Here are a few B2B value message examples I extracted from different value stories we’ve written:

    • Reduce aftermarket warranty costs – Reduce existing after-market warranty claims and returns because of better performance against chipping, rust, etc.


    • Reduced compliance event risk – A streamlined automated system reduces risk of a compliance event occurring


    • Reduce NPT due to issues caused by fluid contamination – New formula eliminates the most common types of contamination that causes shut down, therefore reducing costly non-productive time


  • Increased Revenue from Greater Productivity – Bucket size and configuration result in faster loading time for trucks, improved cycle time and less passes

Writing is an art form and to some extent quality is in the eye of the beholder. Yet, two key things you need to ensure are, 1) the message is crystal clear; and 2) you use the language of the customer or customer industry.

Now, I want to turn my attention to the visuals. Specifically, the charts you use to show your quantified value. This is a deep topic because there are alternate ways to show it: bar charts, pie charts, line chart, and so on. Two alternatives I’ll compare now are Total Cost of Ownership (TCO) chart and Value Stack. Note that in these examples we are using the exact same data.

The chief advantage of the TCO chart is its simplicity. Competitor on the left, us on the right. Lower cost is good. Therefore: if your bar is lower you are better. Done.

But TCO has some drawbacks. One is that it is limited to showing only costs (TCO, right?) – so if you have a revenue advantage you can’t show it this way. Another limitation is that TCO works best with direct apples to apples comparisons, in other words – direct competitors.  Often your competitive reference isn’t that simple.
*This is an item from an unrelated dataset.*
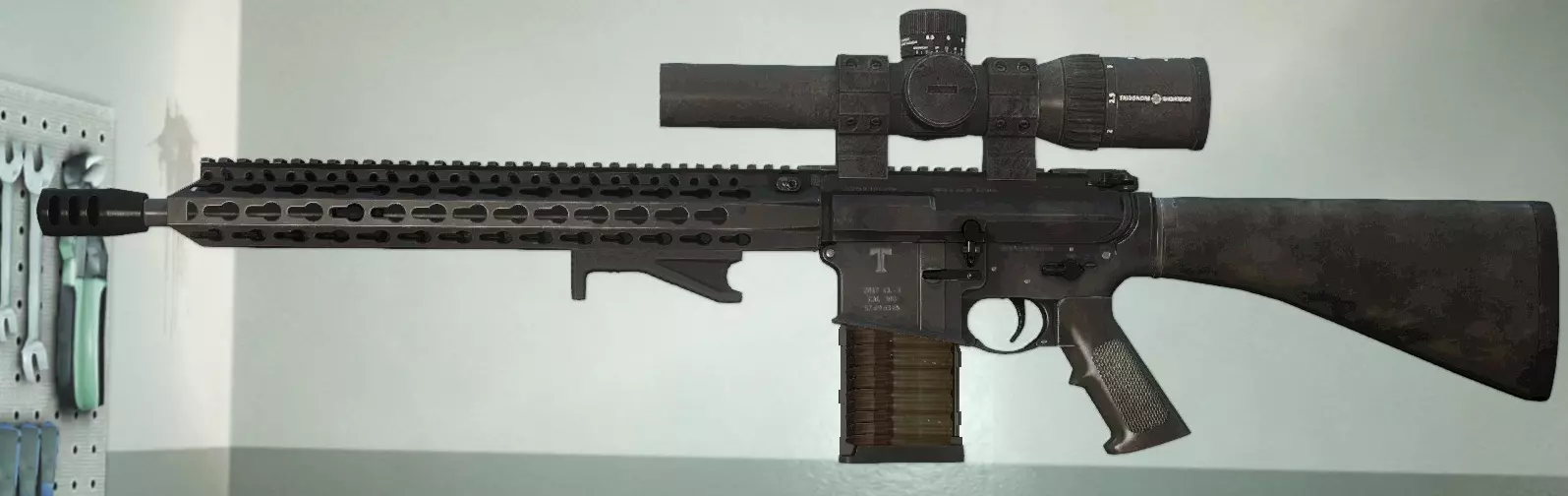 + 栓动步枪伤害(300) + 半自动 + 隐蔽性16(可通过改装进一步提升) - 射速低(60,基本等同于栓动狙击步枪的手动上膛速度) - 换弹时间长 - 精准度低 - 稳定性极差 塔通卡

You may have a totally new innovation, where you are competing with a status quo situation – which technically has no direct cost.  This may force you to do a little mental gymnastics to show the left bar cost, but at that point you are sacrificing the simplicity.

So . . . a more robust chart alternative is the Value Stack (on the right). For those of you who know Tom Nagle’s Economic Value Estimation or EVE method, this is very familiar. Unlike TCO, this chart displays differential value, not total costs.

For example, do you see this dark green bar called “Energy”? That is the net difference between the two light green bars on the TCO chart – the $7.3 million (total cost of competitor) versus the $4.745 million (total cost of ours). The difference amounts to $2.5 million which is what the dark green Energy bar is showing. This is differential value – the fact behind a key value message. That’s why it’s a superior chart to support a value discussion. However, you do need to get comfortable with it.

We at LeveragePoint have upgraded Tom Nagle’s original EVE chart to include this last bar:  Our Price, and the bar above it which shows the net value to customer –  in this case $280,000.  That’s how much better off the customer is doing business with you. The bottom-line number. In fact, that’s really the only number you need to show – and you can make a simple graphic or headline around that number.

One insight we’ve come to appreciate lately is that when it comes to value stories – one size does NOT fit all. You need small, medium and large versions of the same basic story, because value stories are used to support your Sales team in their discussions with the customer throughout the buying cycle.

In summary: Get inside your customer’s head. It’s a collaborative process. It’s an agile process – Don’t Wait, Iterate! Avoid one-size fits all. Use a digital platform to manage content – A shared platform is essential to scale the development of digital case studies that can be customized and presented in a variety of formats.